Add missing FredCo buildings to OSM to massively help local mappers by adding 59k missing buildings to this county. Buildings that already exist in OSM for Frederick County (5.7k) will NOT be modified.

This import will not conflate with the Virginia Address Points dataset as this introduces potential for errors, would not affect the 5.7k existing buildings, and can be done later in a distinct import.

This import will not include the independent cities nearby, notable Winchester VA, as it's my first import and a rural region seems simpler as a learning exercise

Schedule

  • 13 Oct - Download dataset
  • 18 Oct - Finish data prep and share with community for review
  • Upload schedule TBD

Import Data

Data source: Virginia Geographic Information Network (see Virginia/VBMP)
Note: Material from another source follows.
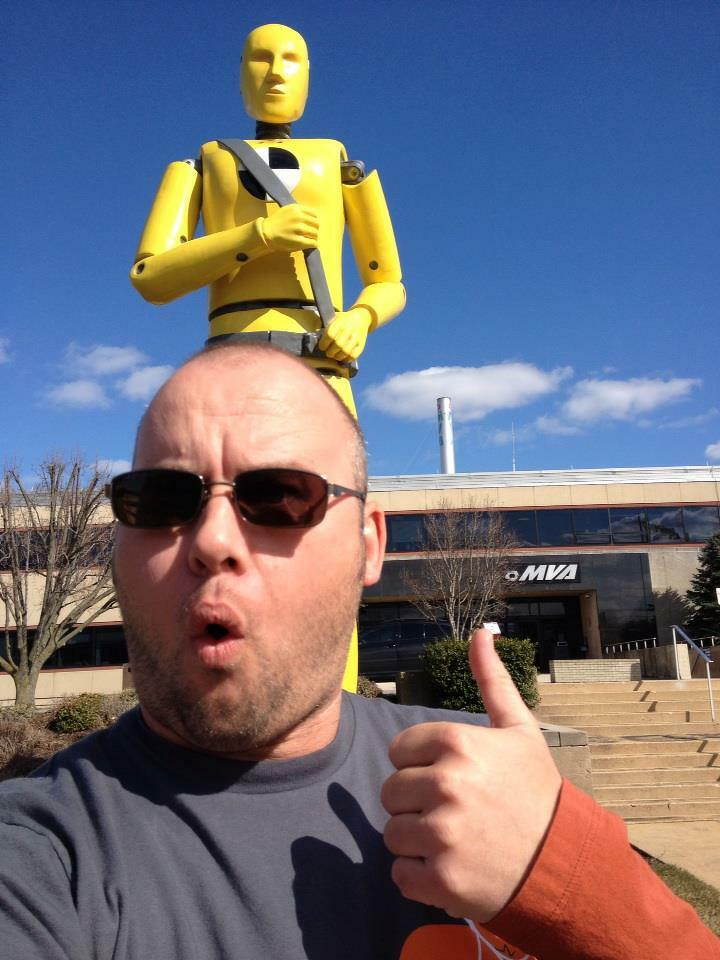 Giant crash dummy wishing me a safe drive as I begin #BattlefieldsandBeginnings road trip. #fb

ODbL Compliance verified: Yes. VGIN public domain data has been used in multiple prior works. Currently per the VGIN website, "The reference layers are defined as non-secure, public domain datasets that are authored and created by governmental and other entities."

Data Files

Background

VGIN is directed by Code of Virginia to maintain statewide orthoimagery refreshed on a four year cycle. From 2002 to 2024 imagery was updated on a ~3year cycle with 1/3 of the state updated each year.

The Building Footprint layer is part of the Virginia Base Mapping (VBMP) layers and is published quarterly. It contains outlines of structures remotely rendered through digitizing of VBMP digital imagery, local government subdivision plats, and other sources. Building footprints carry no addressing, ownership, resident information, or construction specifications.

Known Dataset Traits & Issues

  • Major Positive: VGIN imagery for Frederick County was collected in winter after the leaves have fallen but before snow. This makes it excellent for aerial tracing as structures are readily visible. See Example 6 below

  • Moderate: Shed retailers (sellers of garden sheds, storage sheds, etc) often leave their structures in a lot. VBMP counts these as buildings, which is correct technically, but as they are moved frequently a human would not map them until they are "semi-permanent" e.g. installed on someone's property. See example for Valley Structures below. I have manually removed all instances I found (there are about 10 shed retailers in the Fred. Co region which all shared the same issue). Similar issue fixed for some tractor trailer parking lots

  • Major: VBMP is known to be of highly varying quality region-by-region. To address this, I am focusing on one county which (so far) appears high-quality

  • Moderate: VBMP typically includes decks and patios in building footprints leading to excess vertex counts and odd building outlines
  • Moderate: VBMP counts most covered structures as buildings e.g. covered walkways, lean shelters which results in larger-than-normal buildings when you are dealing with a 'campus' as the individual building polys are often "joined" by covered walkways
  • Minor: VBMP is missing some buildings, especially industrial buildings with white roofs. Not of higher concern as these are few in number and often already present on OSM due to being readily visible in most imagery
  • Minor: VBMP does not always break row homes into one 'building' polygon per residence, sometimes there is a single polygon for all homes in the same physical building. Same as a human mapper would do
  • Minor: VBMP data is from ~2022 and some structures may have been (re)moved. In manual QA I've seen a few temporary sheds. Future work could consider building removal, but IMO that's better left for human verifiers not automated imports given the low instance count
  • Minor: The building footprints dataset and the VBMP most recent imagery dataset are not always from the same time window, leading to inaccuracies when the buildings change location. This is mainly an issue for sheds, construction trailers, trailer homes, etc. There are occasional not-actually-present buildings due to these errors. IMO most issues have been found & remediated during the data preparation phase.

Import Size

There are 5,739 buildings in OSM for Frederick County as of 13 Oct. Added the cleaned VBMP dataset would result in 64,808, an 11x increase.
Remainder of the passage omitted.